献身的に救助活動に専念していただけると思いますが、消防よりも、むしろロープアクセステクニシャンのほうが専門知識と技術がありますから、オンサイトレスキュー(作業チームによる同僚の救助)のほうが速やかでしょう。
本来、ロープアクセスには、レスキュー計画の立たない作業はやってはいけない! というルールであります。
ロープアクセスは事故の発生する可能性が低くく、安全性の高い作業方法である一方で、いったん事故が起きてしまうと、その結果はきわめて深刻なものであることを、よく理解しなければなりません。
オンサイトレスキューは、ロープアクセスに従事する者にとって必須科目ですが、トレーニングセンターの訓練だけでは不十分で、実践的に現場で訓練する必要があります。
繰り返しますが、オンサイトレスキューは作業者の安全を確保する大切な技術です。
しかし事故が起きない限り、その技術を披露することはありません。
そして事故というものは、そうそう度々発生するものではないので、せっかくマスターしたのに、一生に一度も活躍するチャンスが訪れなかったという人のほうが多いはず!
「だから無駄だ、現場でのレスキュー訓練は生産性を低下させる!」と考えるのは、それこそ考えものです。

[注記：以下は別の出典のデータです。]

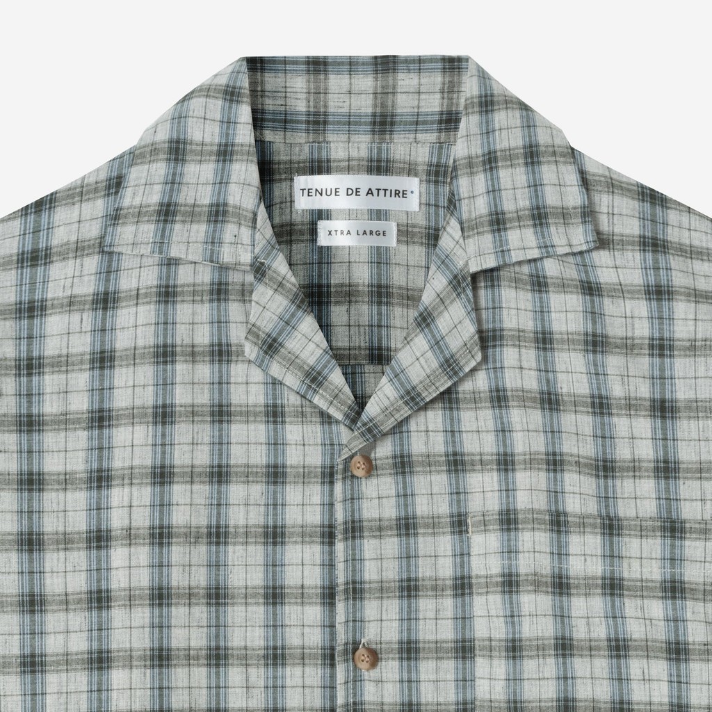 TENUE Kemeja Bowling Lengan Pendek - Sunny Vacation Plaid Shirt - Grey

一旦事故が起きたら、作業は止まり、同時に生産もストップし、作業再開までいたずらに長い時間が流れます。
レスキューは無用の用です。普段は必要ありません。
でも、事故が起きたとき、その技術がなかったら、たいへんな事態に陥るでしょう。
作業にあたっては、実際に現場でレスキュー訓練を行い、計画したレスキューが速やかに実行できるか否か、確かめておく必要があります。